Truth be said, in those games the player character himself is often quite nerfed compared to Doomguy, and his mobility is significantly worse than that of the enemies (e.g. compare how Imps in Doom 3 can move, while the player moves around like a stiff CoD (pun intended)).

In essence, in a game like Doom 3 or Soldier of Fortune, almost every encounter with enemies feels like a miniboss battle, and esp. in the latter enemies can hide, crouch, even roll to avoid pistol shots at point blank. The player, while reasonably tough, could not move like that.

Now, the thought of a game where you're pitted against 1000 special-op soldiers with SoF skills while you're like an out-of-shape wimp in comparison....well...that'd be pretty terrifying, and the outcome pretty much predictable.
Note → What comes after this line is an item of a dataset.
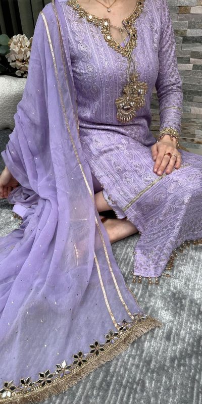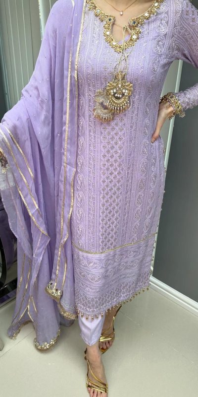 AD157 White & Violet Color Chinon Silk Embroidery Sequence Salwar Suit Wedding, Party, Festive, Events Expected Delivery 4-6 Working Days @ 2199/-
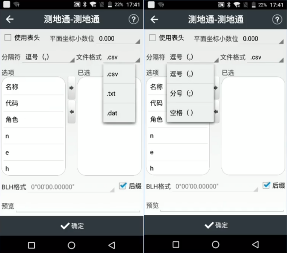 2、點(diǎn)擊【自定義】,可以改變平面坐標(biāo)小數(shù)點(diǎn)的位數(shù),點(diǎn)擊修改【分隔符】和【文件格式】。如圖所示:

You can experience the feeling first hand by going into your local tough guy bar and insulting the toughest biker's/gangsta's mother. Hell, you think you could take on even just 5 or 3 of his gang mates at once?

The other scenario proposed, e.g. player controlled monsters, would actually be an interesting game variation well-suited for a port like ZDaemon: one team would control a fixed number of players, while the other team would be able to control any monster on the map (and switch between them at will or upon death). It would be interesting to see e.g. if a player-controlled Cyberdemon or SM would fare better than its AI-controlled counterpart. And if the monster team had access to Revenants, PEs and Archviles.... ;-)

Besides, games with asymmetrically powered factions (e.g. Humans vs Zombies) already exist.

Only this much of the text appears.